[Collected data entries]
*-*-*

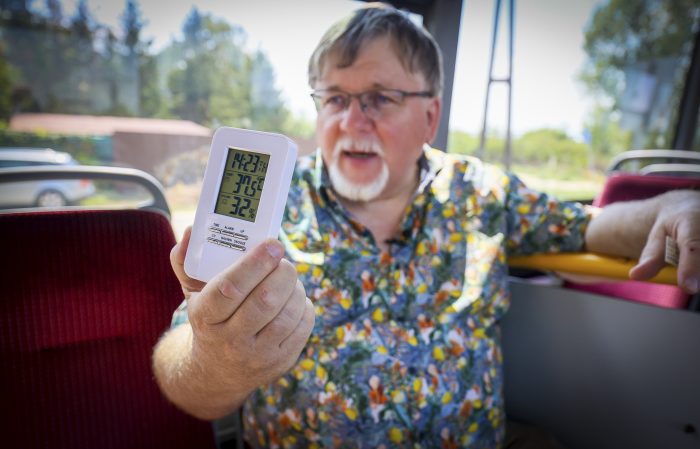 Sok a panasz, hogy a városi buszjáratokon a nagy meleg ellenére nincs légkondicionáló vagy nem működik a berendezés, így sokszor 36-38 fokban kénytelenek utazni a győriek. A polgármesterhez is eljutottak a rossz hírek, ezért a városvezető úgy döntött, buszra száll és személyesen teszteli, mi az igazság. Dr. Dézsi Csaba András hétfőn egy régi csuklós járatra és egy vadonatúj Mercedes buszra is felszállt, sőt meg is mérte, pontosan hány fok van a járatokon. A légkondi nélküli buszon 37 foknál is több volt, míg a nemrég Győrbe érkezett új járaton kényelmesen lehetett utazni.
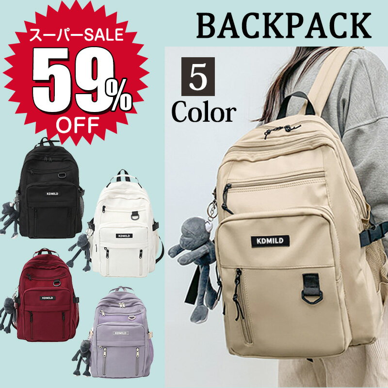 \スーパーSALE限定59%OFF!爆安/送料無料 リュック レディースリュックサック 通学 通勤 男女兼用 メンズ 大容量 軽量 バックパック 防水 林間学校 韓国 可愛い a4 撥水 シンプル 高校生 中学 ナイロン サイドポケット 収納 多機能 新学期 人気 おしゃれ おすすめ
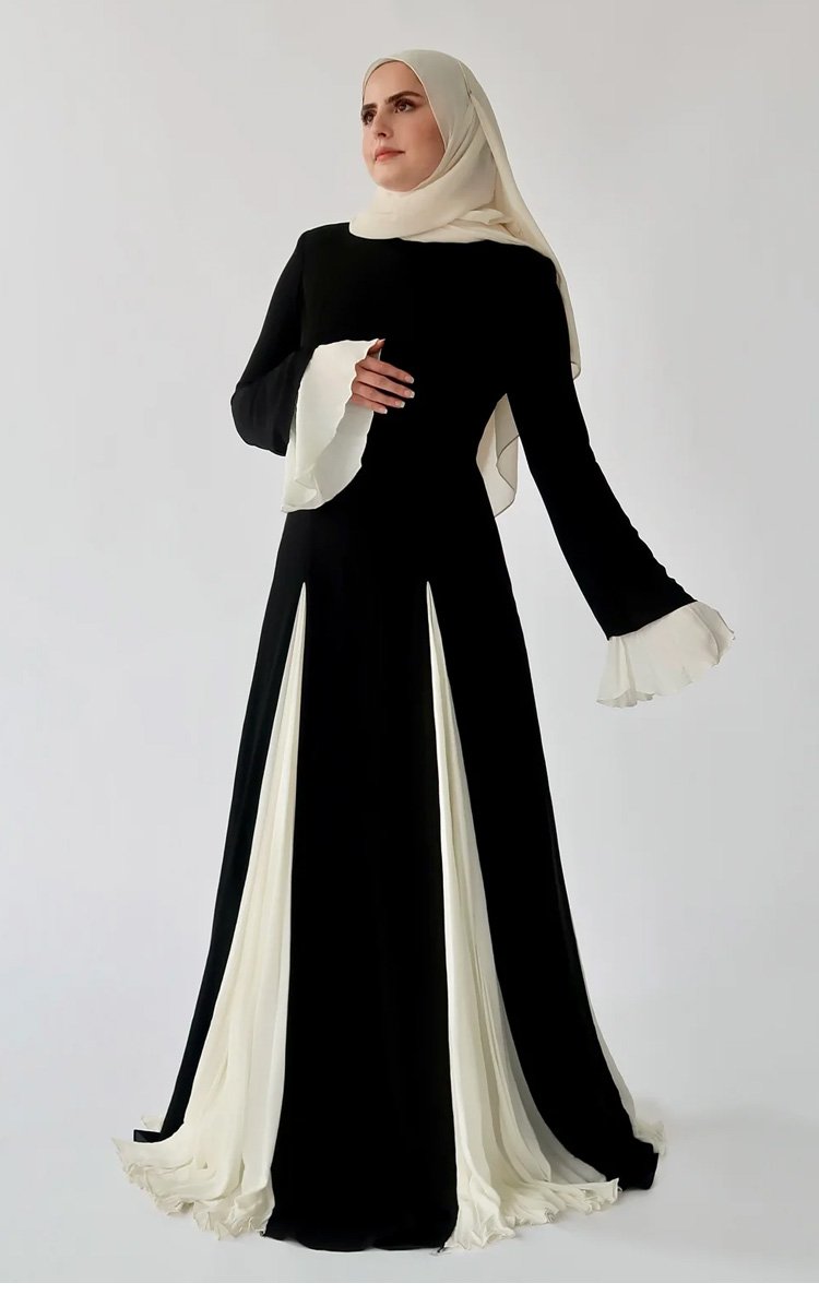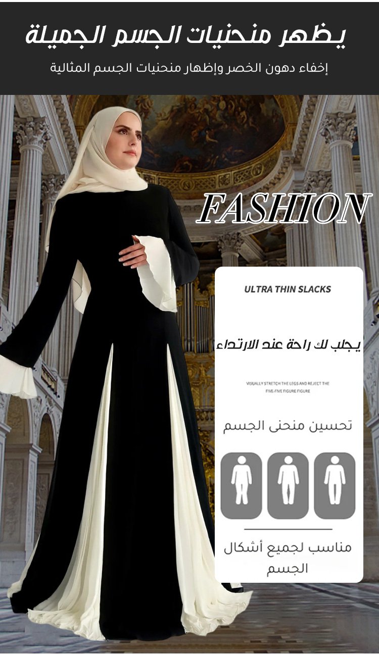 فستان عصري متباين الألوان مع تصميم خصر مشدود بحاشية كبيرة
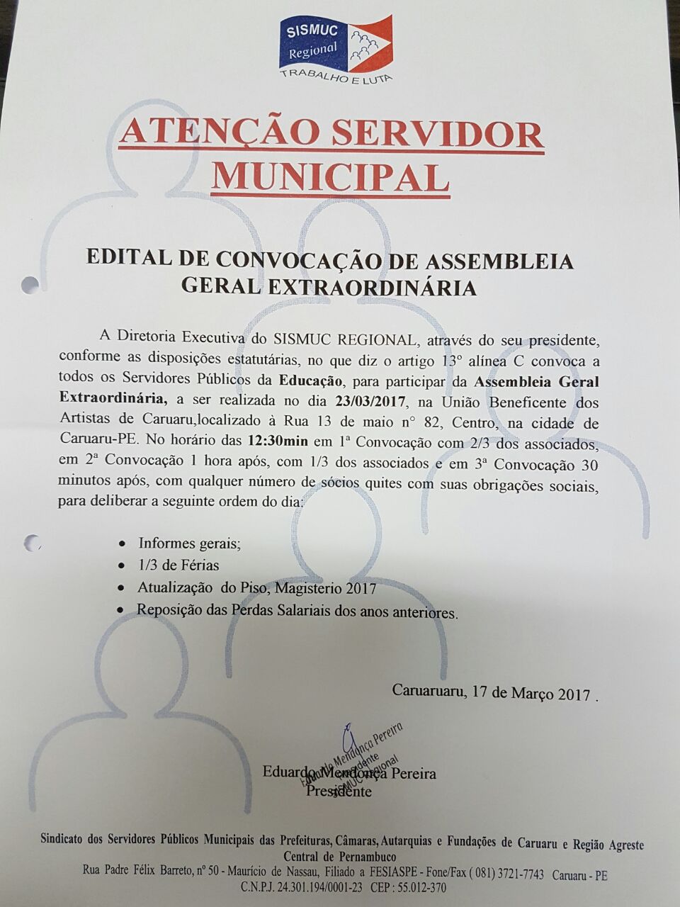 A Diretoria Executiva do SISMUC REGIONAL, na figura do seu Presidente Eduardo Mendonça, conforme as disposições estatutárias, convoca todos os servidores da educação para uma Assembleia Geral Extraordinária, a ocorrer no dia 23 de março de 2017, na União Beneficente dos Artistas de Caruaru, no horário das 12:30h, conforme consta no edital em anexo.
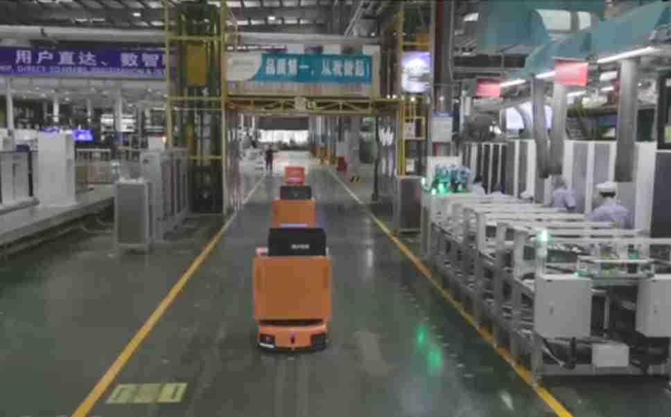 为车载冰箱物流配送打造的智能解决方案,,包含产中物流通过潜伏举升AMR搬运至线边,,产后成品物流智能仓储,,,流程包含产中物流智能齐套入库,,,,线边安灯叫料AMR智能配送至线边,,,成品入库、、、、出库,,通过无人堆高车机器人,,,智能仓储管理替代人工作业管理,,,,实现更高存储、、、更高效率、、、、更具柔性化的解决方案。。。。
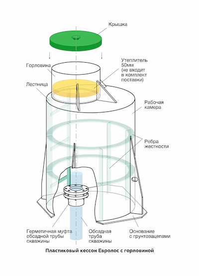 Конструкция изготовлена из монолитного полипропилена толщиной 8 мм, с усилением дна ячеистой полипропиленовой плитой толщиной 80 мм. Кессон имеет герметичную пластиковую конструкцию с ребрами жесткости, встроенной лестницей и крышкой. Его основание снабжено грунтозацепами. В зависимости от своего назначения кессон может быть дополнительно оснащен муфтой обсадной трубы, которая обеспечивает герметичное соединение со скважиной. При использовании изделия в качестве дополнения, например к колодцу, внутри может размещаться: насосное оборудование, фильтры, гидроаккумулятор, запорная арматура, а также разведение трубопровода в разных направлениях, что позволяет сократить затраты на подключение дополнительных потребителей.
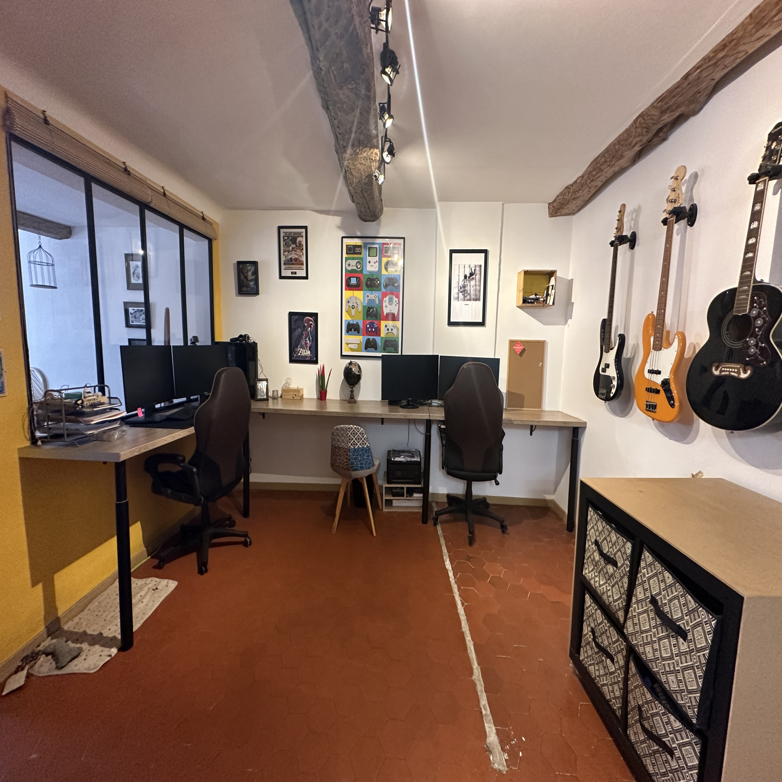 Au 1er étage : un espace de vie composé d'une cuisine et d'un séjour avec une salle à manger, un WC indépendant, une arriere cuisine.
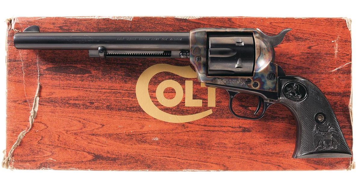 Excellent. The revolver retains 98% of the original blue finish with some light handling marks, some scuffing on the left side of the barrel and a very light cylinder drag line. The frame retains 99% original bright case colors. The grips are excellent with a small pressure dent on the right panel heel. The box is good with edge/corner wear and the end flaps showing some seam separation/tearing.
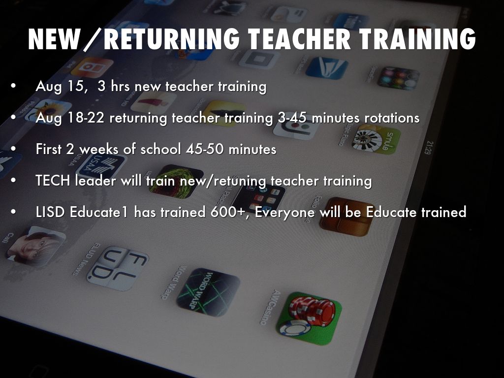 Aug 18-22 returning teacher training 3-45 minutes rotations
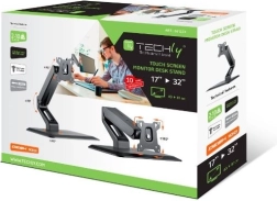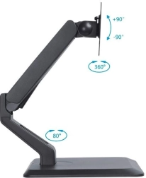 Suport de birou ergonomic pentru monitor, cu arc pe gaz, pentru diagonale 17–32" și capacitate de până la 10 kg, oferă reglare lină pe înălțime, posibilități ample de înclinare și rotire și o bază stabilă. Ideal pentru monitoare tactile – asigură poziționare confortabilă, management curat al cablurilor și instalare rapidă datorită orificiului tip „gaură cheie” pe prinderea VESA.

*-*-*

**Problem statement:** All that is wanted is the lines above between the one containing "Excellent. The revolver" and the one containing "Aug 18-22 returning", inclusive, restated word for word, with pictures omitted.

**Task result:**
 Excellent. The revolver retains 98% of the original blue finish with some light handling marks, some scuffing on the left side of the barrel and a very light cylinder drag line. The frame retains 99% original bright case colors. The grips are excellent with a small pressure dent on the right panel heel. The box is good with edge/corner wear and the end flaps showing some seam separation/tearing.
 Aug 18-22 returning teacher training 3-45 minutes rotations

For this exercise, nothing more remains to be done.